I don't understand!

Hi. Can any one tell me more about pprms?
I am still not clear what it means.
Also I am going for the drip infusion soon.
What can I expect as side effects apart from low imunity?

Many thanks


hate to say it WHO DOES understand it?

what i know is this. You start and you never have remissions so its with you on a level at all times. However, i have read that it can quietened down for a time then kick off again. I call that the calm before the storm.

its rare actually not so many people get diagnosed with it. Mine started slowly and over time, and each year it would get a little worse. went from walking the dog to using a scooter, etc.

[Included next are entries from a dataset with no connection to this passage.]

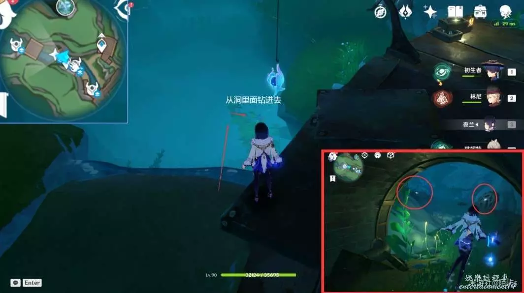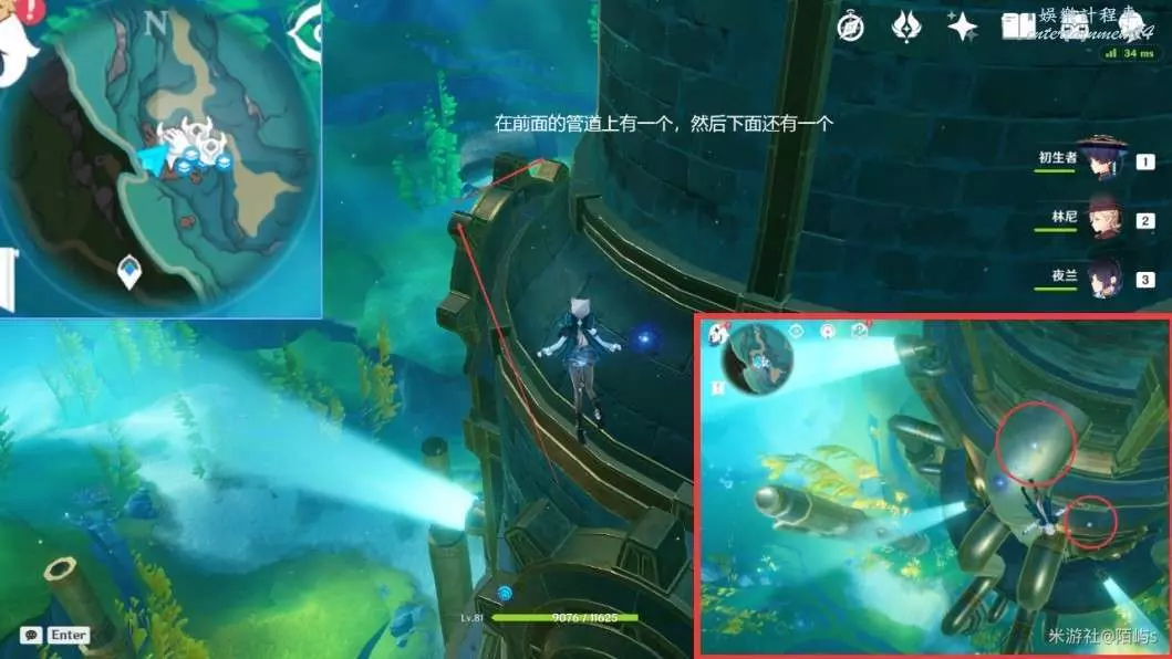 ➣ 出管道,朝著小地圖的上方看,在前面還有一個大管道,鑽進去跳入水中就有一個幽光星星。
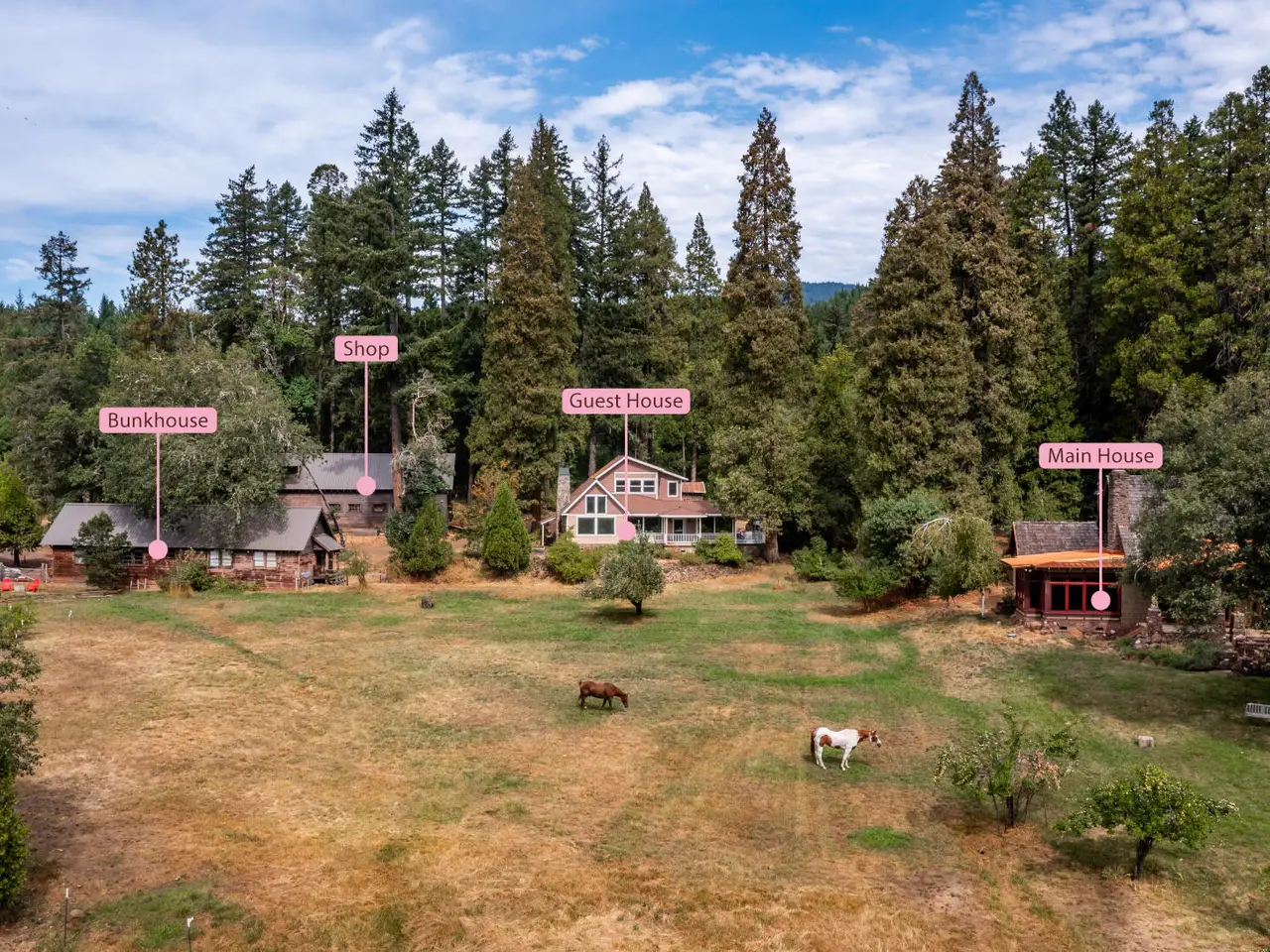 Experience the ultimate in rural luxury on this sprawling 95-acre equestrian estate. Tucked away at the end of a private drive this remarkable property seamlessly combines tranquility & sophistication, creating an idyllic retreat for horse enthusiasts & those seeking a serene country lifestyle. With level terrain, ponds, vibrant pastures & meadows, this property stands out as a premier equestrian facility. At its heart, a charming well-equipped barn, alongside a covered trough feeder that offers shelter & convenience through every season. Expansive liberty arena designed for free movement & training. Fenced paddocks, lush grazing fields & extensive riding trails invite you to explore the land on horseback. The historic Katydid Ranch showcases an impressive Craftsman-style main home along w/a gracious 2nd residence & activity building. For additional income potential, a bunkhouse w/an overnight bed/bath, A-frame for overnight stays & multiple campsites nestled across the property.
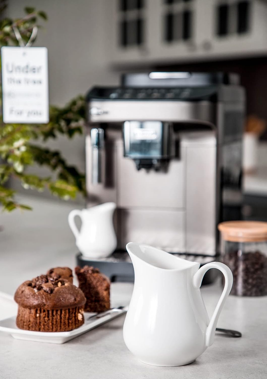 - 🍨 Pitcher Size: The milk pitcher upgraded big capacity 355ml/12oz set. White pitcher Light weight and mini size easy for home kitchen use and store.
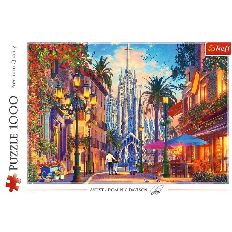 Puzzle 1000 elementów Barcelona, Hiszpania po ułożeniu stworzą obraz artysty Dominic Davison o wymiarach 68,3 x 48 cm. Ukazują hiszpańską uliczkę prowadzącą do znanej i imponującej bazyliki Sagrada Familia. Układanka została wyprodukowana w Polsce, z wysokiej jakości, ekologicznych materiałów. Zastosowanie specjalnego papieru kalandrowanego, który odbija światło, co ułatwia układanie.
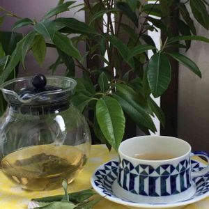 レモンマートル✨ ① 前に(10/27)レモンマートルをpicした時にお茶のpicのご提案をいただきました🍋ちょっと時間が経ってしまったけど picしてみました☺️ レモンマートルのハーブティー,本当に美味しい🍋酸っぱい感じではなく、アロマの香りのようなレモンの香りです✨ 奥の木は 育てているレモンマートル🌿 そして手前の小皿は、乾燥させてパリパリになった葉🍃それを透明のポットに細かくしてお湯を入れてレモンマートルのハーブティーを✨ カップに注ぐと さわやかな薄緑色に。ベランダにいい香りが広がります🍋 ホッと落ち着き癒されます☺️
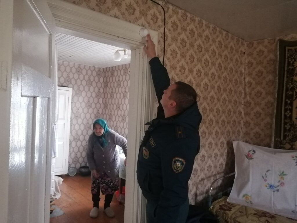 Спасатели проверили состояние печного отопления, оценили целостность дымоходов, отсутствие трещин и прогаров, осмотрели электропроводку на предмет повреждений, самовольных подключений, перегрузки сети, уделили внимание наличию и исправности автономных пожарных извещателей.
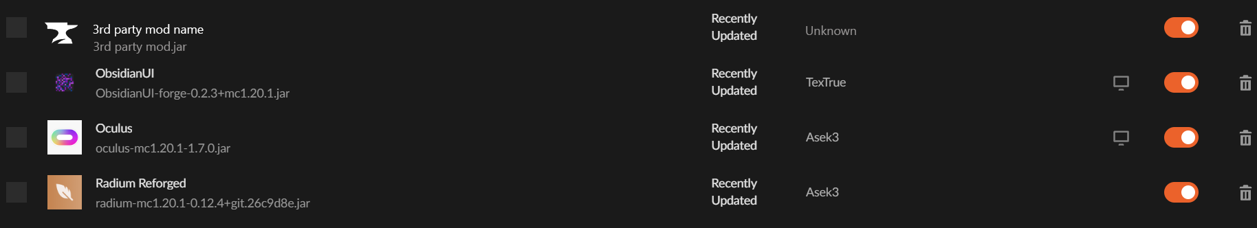 the modlist in the curseforge launcher only shows mods that are uploaded to the curseforge website, i think it would be alot easier for modpack devs to be organized if it took the 3rd party mod from the mods folder and displayed it in the launcher
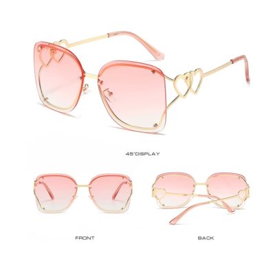 Ochelari de Soare, Fashion cu Inimi, Lentile Patrate, Protectie UV400, Roz
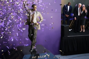體育資訊2月23日訊 今日湖人為球隊傳奇主教練帕特·萊利舉行雕像揭幕儀式。
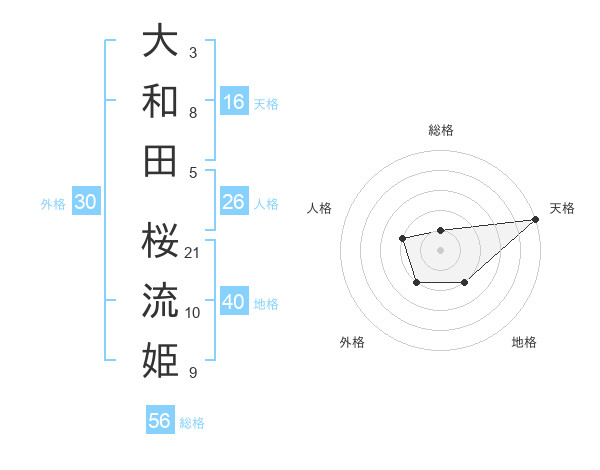 大和田 桜流姫さんを姓名の画数から五運を鑑定
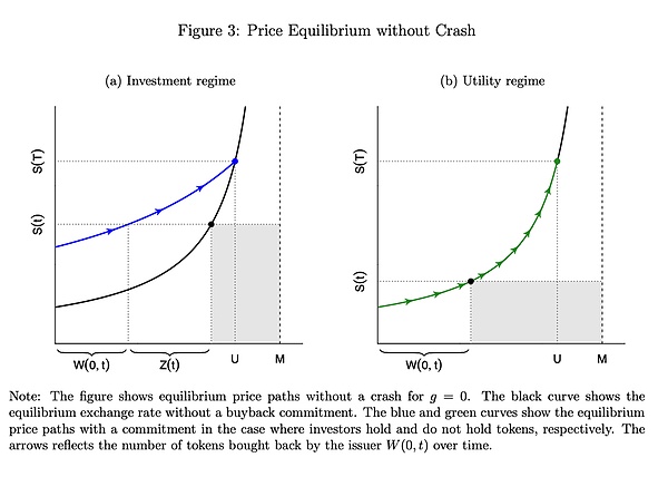 活動增長:假設交易平臺的活動以固定的增長率\(g 活動量:在沒有發生崩潰的情況下,平臺在時間\(t\)的活動量為 \(A(t)=e^{gt}\),否則\(A(t)\)接近于0。 此模型考慮了Tokens的效用需求和交易所為回購Tokens而投入的資源量如何與平臺活動成正比,進一步設定了交易所運行概率和違約強度,為理解交易所Tokens的市場動態提供了一個全面的分析框架。五、均衡分析 A.市場清算條件的圖形表示 在分析均衡結果之前,文章提供了市場清算條件的圖形表示。圖2展示了市場清算條件的機制,其中給定的X$(t)值由圖中的陰影矩形表示。向上傾斜的曲線代表了用戶向投資者和交易平臺提供Tokens的供給曲線。投資者和交易平臺持有的Tokens總量為W(0,t)+Z(t),用戶則持有剩余部分,即MW(0,t)Z(t)。用戶保持的美元余額為X$(t)。如果匯率上升,用戶愿意提供更多的Tokens,因為他們需要較少的Tokens來維持相同的美元余額X$(t)。這導致了匯率與投資用途Tokens數量之間關系的向上曲線。 B.有無投資者的均衡匯率 均衡匯率水平取決于平臺的回購承諾是否足夠大,能夠吸引投資者持有Tokens。要讓投資者持有Tokens,所需的回購資源隨著投資者預期回報的增加、平臺的失敗率上升而增加,隨著平臺增長率的增加而減少。 圖(a)顯示了當投資者選擇持有Tokens時,回購計劃下的均衡路徑;圖(b)則顯示了當投資者不持有Tokens,平臺僅從用戶手中回購時的均衡路徑。在g=0(平臺無增長)的情況下,黑色曲線未發生變化,匯率的變化完全由回購驅動。 推論1 在完全回購計劃中,如果Y$>(r+λg)X$,那么初始均衡匯率為 S(0)=1/M*Y$/(r+λg)。否則,初始均衡匯率為S(0)=X$/M。如果投資者持有Tokens,匯率的變化類似于戈登增長模型下持續增長的現金流估值。如果投資者不持有Tokens,初始匯率僅反映用戶需求與Tokens數量的比例。 六、平臺的回購計劃成本 A.資本成本與所需回報率之間的差距 本文利用模型評估交易所通過回購承諾籌集的額外資金與回購計劃預期成本之間的差異。交易所通過出售帶有回購承諾的Tokens獲得的資金,等于Tokens總量乘以均衡匯率。若沒有回購承諾,交易所出售Tokens的收入為X$,因此回購承諾帶來的增量收入為差額。C表示回購計劃整個期間的預期成本,這可以通過計算出整個計劃的折現成本來得出。 命題2 通過提供回購承諾,交易所能夠籌集的額外資金少于其預期的折現成本。 該命題表明,通過回購承諾籌集的資金成本高于投資者要求的回報率。因此,若交易所能夠通過更高效的資本市場以較低成本籌資,則應避免回購承諾。 B.價格操縱下的額外成本 通過回購承諾發行Tokens可能導致更高的成本,尤其是可能被大投資者通過“銷毀”Tokens(即永久凍結Tokens)來操縱價格。此時,平臺可能被迫無限期回購,推高Tokens價格。 1. 單一大投資者 命題3 如果一個大投資者持有用戶未持有的所有Tokens,則投資者可以銷毀部分Tokens,前提是某些條件成立。這使得Tokens價格上漲,回購速度放緩,最終導致平臺無法完成回購計劃,價格持續上漲。 2. 一個大投資者,多個小投資者 命題4 若最大投資者持有的Tokens比例達到一定水平,則銷毀部分Tokens對其有利。在這種情況下,即使有其他小投資者加入銷毀行動,最大的投資者仍能從中獲利。 3. 許多小投資者 當沒有單個投資者持有足夠的Tokens來進行操縱時,多個投資者可以通過合作銷毀Tokens獲利。這種合作通過Blockchain上的多重輸入交易可以實現,盡管在實際操作中協調多個投資者可能較為復雜。 4. 防止操縱 平臺可以通過限制回購承諾的Tokens數量來防止操縱。如果平臺承諾回購的Tokens數量超過Tokens總量的一半,則容易受到操縱。因此,許多平臺通常會限制回購承諾的比例在50%以內。七、具有投資動機的用戶 在本節中,討論了用戶對Tokens的需求受其價格升值率影響的情形,尤其是在回購計劃是全額回購時的情況。即便平臺只承諾少量資源用于回購,只要用戶有投資動機,回購承諾仍然會對Tokens價格產生影響,從而影響平臺通過Tokens銷售籌集的資金量。 命題5 當用戶的需求取決于Tokens升值率時,回購承諾的資源越多,用戶需求和平臺通過Tokens銷售籌集的資金也會越多。 例如,如果用戶的效用函數是對數函數,回購承諾的資源越多,初始均衡匯率就會越高。 八、結論 本文得出,回購承諾對加密交易所Tokens的價格動態有顯著影響,并且在某些情況下可能導致劇烈的價格波動。回購承諾是一種成本高昂的籌資方式,可能會被大投資者或多個小投資者利用。因此,回購承諾的存在通常表明平臺在傳統資本市場中面臨融資障礙。
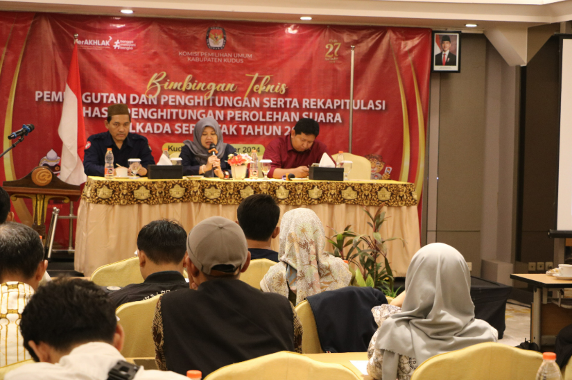 KPU Kabupaten Kudus menyelenggarakan Kegiatan Bimbingan Teknis Pemungutan dan penghitungan Suara serta Rekapitulasi Hasil Penghitungan Perolehan Suara Pilkada Serentak Tahun 2024 yang bertempat di Hotel @hom Kudus. Turut hadir dalam kesempatan tersebut, Anggota KPU Kabupaten Kudus, Panitia Pemilihan Kecamatan (PPK) se-Kabupaten Kudus dan Panitia Pemungutan Suara (PPS) Desa Keramat, Selasa (5/11).
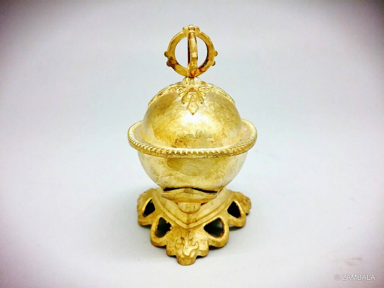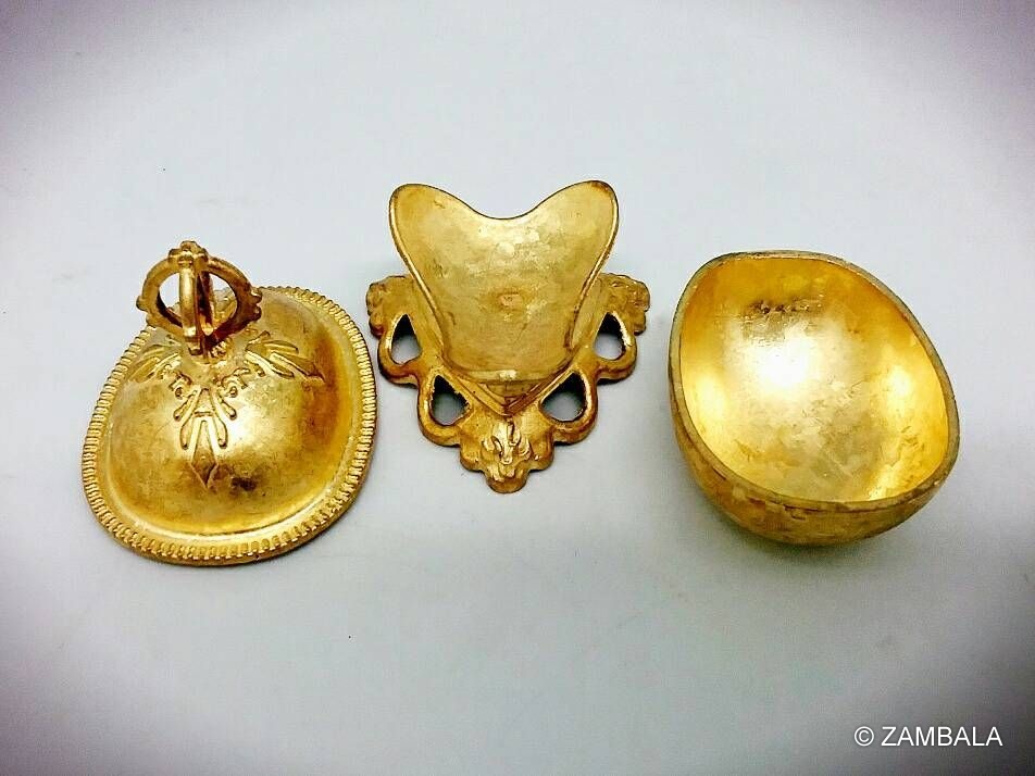 - The skull bowl is a silent skull bowl used for offerings and meditation; the Ghanta is a copper bell that sounds, symbolizing wisdom and the sound of the Dharma, marking ritual stages.

after 21 years from onset of what i believe was my first symptom going blind thankfully temporarily in one eye, i am now housebound as i cant get out on my own. I can still use my legs to a degree but slowly having to sit more and more on my rollator to rest after just a few steps. i only use my electric wheelchair out.

from MS society. Primary progressive MS | Multiple Sclerosis Society UK

are you starting Ocrevus?

And who understands MS? It’s the most infuriating mishmash of symptoms, varying names of the different types (RR/SP/PP/RP/benign…) and so many of us with different diagnoses share many symptoms.

Equally, two people could have the same subtype of MS, diagnosed at the same age, at the same time and with the same access to drugs and yet they’ll differ in symptoms, disability, etc, etc.

Half of the (non MS specialist) doctors, nurses and other health professionals don’t understand MS. My colorectal surgeon said to one of the nurses (about me), ‘she’s got really bad MS’! Idiot. I said, ‘actually I have bad disability from MS’. In terms of ‘bad MS’, there are many people who’ve had far more and way more serious relapses and/or progression than me.

As far as I understand it, PPMS affects about 15% of people diagnosed with MS. It is characterised purely by the lack of a relapse/remission pattern. But people experience of PP varies massively. Some people are diagnosed and very rapidly become disabled. Others have a slower, more creeping progression and disability.

All any of us can do is gradually learn our own variant of MS. Keeping a diary helps. So long as we remember to write in it!!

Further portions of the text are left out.